The KL term pulls the encoder's latent distribution toward the prior, enabling generation.

**Knowledge Distillation**:
- Teacher: Large, accurate model with "soft" predictions
- Student: Small model learning to match teacher
- Loss = KL(Teacher || Student) on softmax outputs
- Student learns teacher's "dark knowledge" (relationships between classes)

---

## 5. Maximum Likelihood Estimation (MLE)

MLE finds parameters that maximize the probability of observing the data:

$$\hat{\theta}_{MLE} = \arg\max_\theta P(\text{data}|\theta) = \arg\max_\theta \prod_i P(x_i|\theta)$$

In practice, we maximize the **log-likelihood** (easier to work with):

$$\hat{\theta}_{MLE} = \arg\max_\theta \sum_i \log P(x_i|\theta)$$

**Key insight**: Minimizing cross-entropy loss = maximizing log-likelihood!

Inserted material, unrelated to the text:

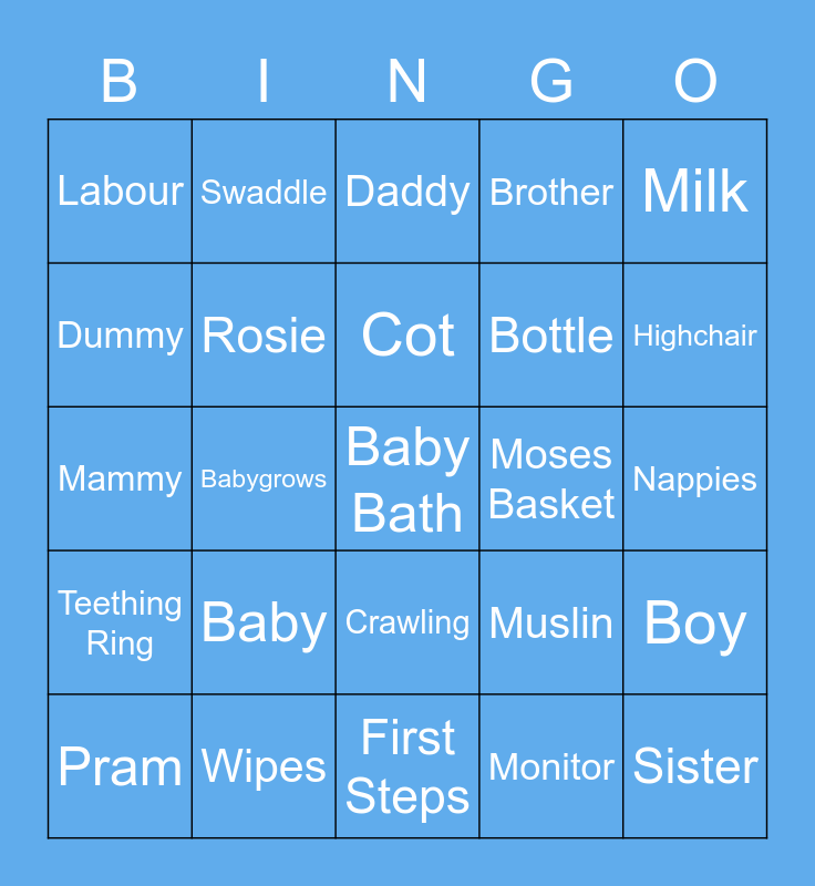 This bingo card has a free space and 24 words: Baby, Wipes, Cot, Pram, Milk, Labour, Dummy, Swaddle, Moses Basket, Crawling, Bottle, Mammy, Muslin, Boy, Rosie, Monitor, Nappies, Daddy, Highchair, Babygrows, Sister, Teething Ring, Brother and First Steps.

**F1 analogy**: MLE is how teams estimate tire degradation rate from lap data. You observe a stint of 15 laps with gradually increasing times. MLE asks: "What degradation rate per lap makes these observed times most probable?" The answer is the slope of best fit through the lap time data. This is identical to how neural networks learn: find the parameters (weights) that make the training data most probable.

In [None]:
# MLE for Gaussian parameters — Estimating a driver's true pace
# True parameters (unknown to us in practice)
true_mean_pace = 5.0  # True mean lap time offset
true_pace_sigma = 2.0  # True consistency

# Generate observed lap times
n_laps = 100
observed_laps = np.random.normal(true_mean_pace, true_pace_sigma, n_laps)

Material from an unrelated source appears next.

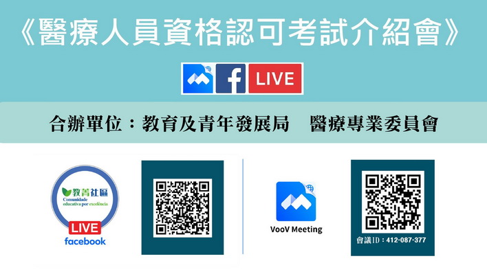 有意參加分享會的學生,可由即日起登入教青局駿菁活動中心網頁(www.dsedj.gov.mo/~webdsej/www_cj/index-cabh.php)進行網上報名,藉此向醫療專業委員會了解醫療人員資格認可考試的相關情況。分享會亦設線上直播,歡迎本澳以外地區升學的同學透過掃瞄二維碼收看。如有查詢,可於辦公時間致電8490 3686,或電郵至cabh@dsedj.gov.mo。

# MLE estimates (can be derived analytically)
pace_mle = observed_laps.mean()  # Sample mean
sigma_mle = observed_laps.std()  # Sample std (biased, but MLE)

print(f"True parameters: mean pace = {true_mean_pace}, consistency = {true_pace_sigma}")
print(f"MLE estimates:   mean pace = {pace_mle:.3f}, consistency = {sigma_mle:.3f}")

# Visualize
x = np.linspace(true_mean_pace - 4*true_pace_sigma, true_mean_pace + 4*true_pace_sigma, 100)

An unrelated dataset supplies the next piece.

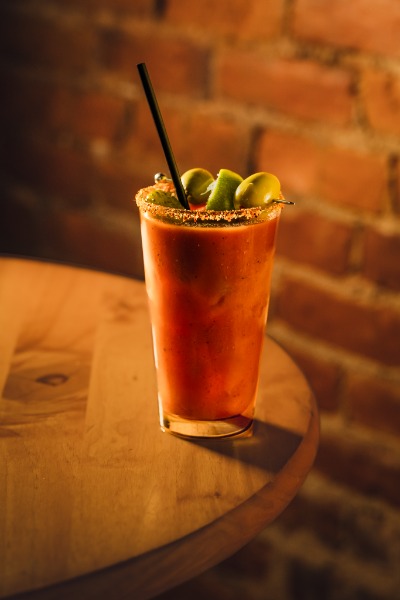 [Two James 28 Island Vodka, Bloody, Pickle, Olives, Lime, Dash of Cholula, Tajin Rim]

plt.figure(figsize=(10, 6))
plt.hist(observed_laps, bins=20, density=True, alpha=0.6, label='Observed lap times')
plt.plot(x, stats.norm.pdf(x, true_mean_pace, true_pace_sigma), 'g-', linewidth=2, 
         label=f'True: N({true_mean_pace}, {true_pace_sigma}²)')
plt.plot(x, stats.norm.pdf(x, pace_mle, sigma_mle), 'r--', linewidth=2,
         label=f'MLE: N({pace_mle:.2f}, {sigma_mle:.2f}²)')
plt.xlabel('Lap Time (offset from baseline)')
plt.ylabel('Density')
plt.title('MLE for Lap Time Distribution\n"Finding the driver\'s true pace from observed data"')
plt.legend()
plt.show()

In [None]:
# Visualize the likelihood function — Finding the best-fit pace parameters
def log_likelihood(mu, sigma, data):
    """Compute log-likelihood of data under N(mu, sigma^2)."""
    return np.sum(stats.norm.logpdf(data, mu, sigma))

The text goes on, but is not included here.